| DIRECTIONS FOR THIS TASK |
The required output is the exact run of lines from the one that contains "Update the FormBuilder" to the end of the data, with every picture left out.

Segment Start: GIVEN INFORMATION

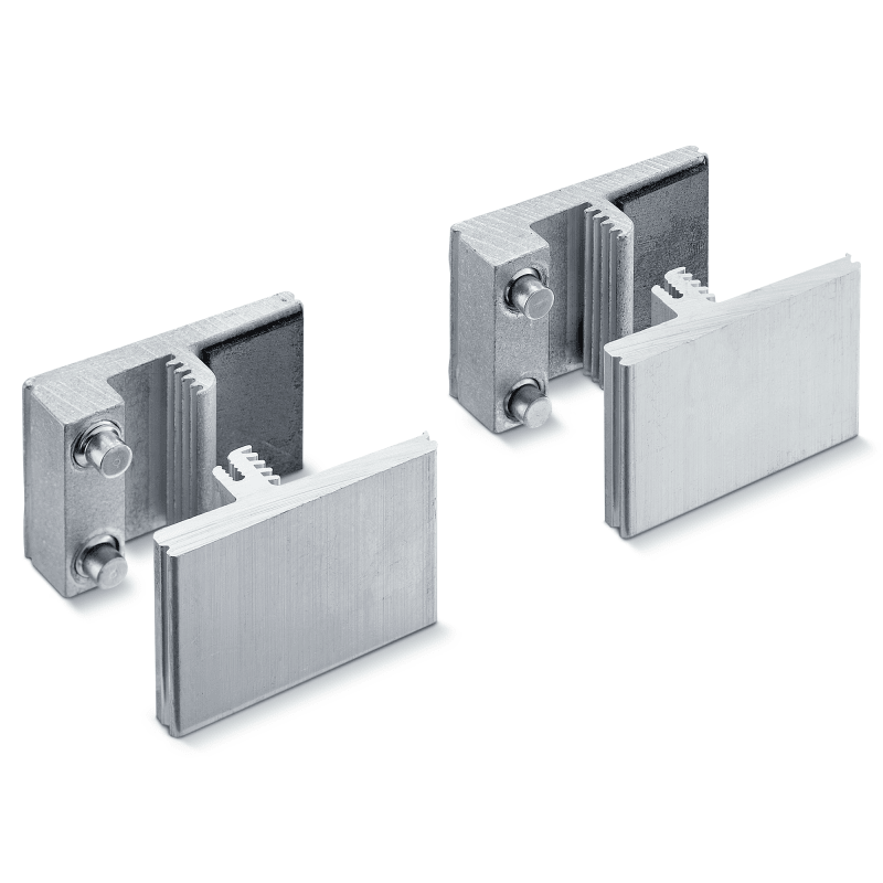 Set Endstücke für Glasklemmplatte 45 mm 2 Stk. Endstücke für die Montage auf der Flügelaußenseite zur Befestigung der durchgehenden Verblendung und Seitenkappen
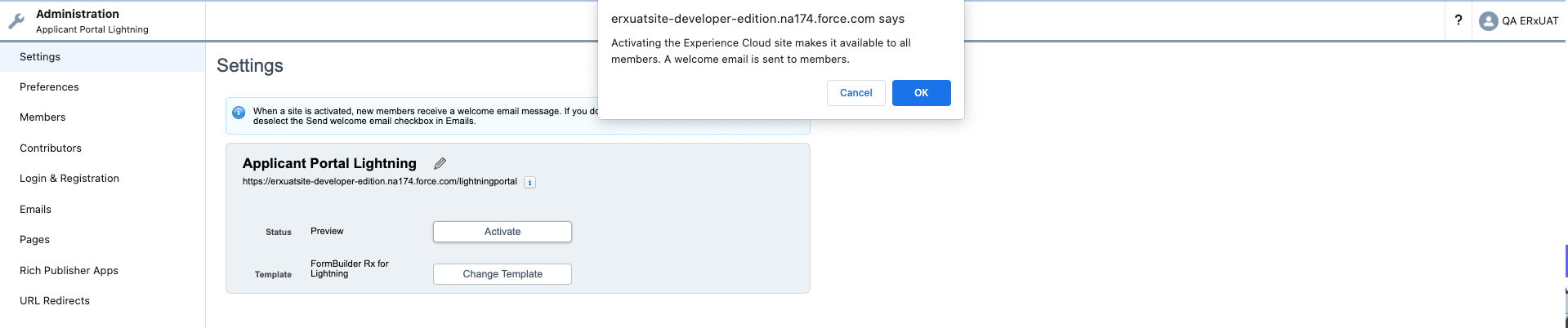 Update the FormBuilder Environment for the Registration URL
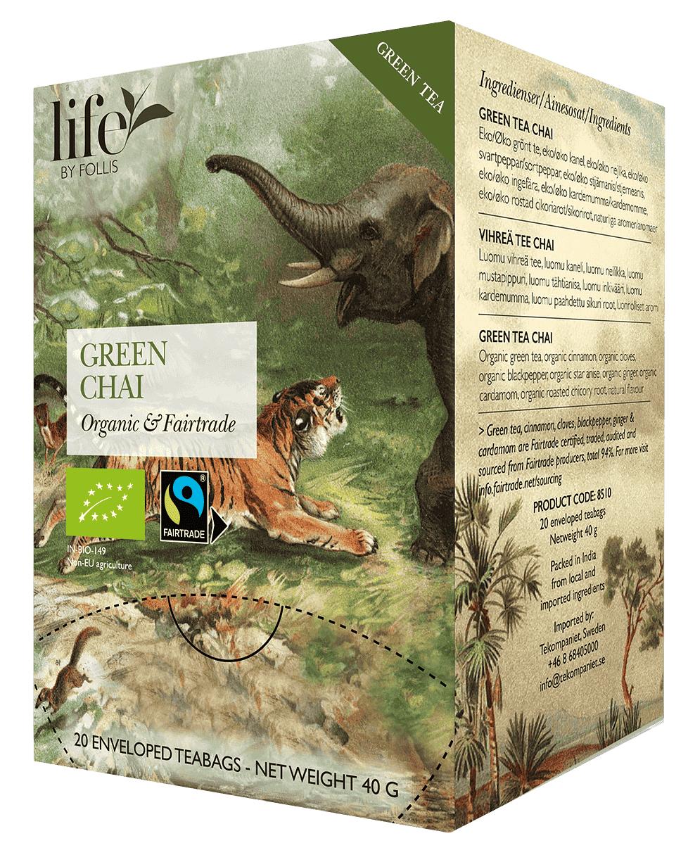 Te - Life by follis | Premium te | Grönt te Chai | Ekologiskt & Fairtrade | 6 askar x 20 tepåsar | totalt 120 påsar.

Segment End: GIVEN INFORMATION

| RESPONSE AREA |
 Update the FormBuilder Environment for the Registration URL
 Te - Life by follis | Premium te | Grönt te Chai | Ekologiskt & Fairtrade | 6 askar x 20 tepåsar | totalt 120 påsar.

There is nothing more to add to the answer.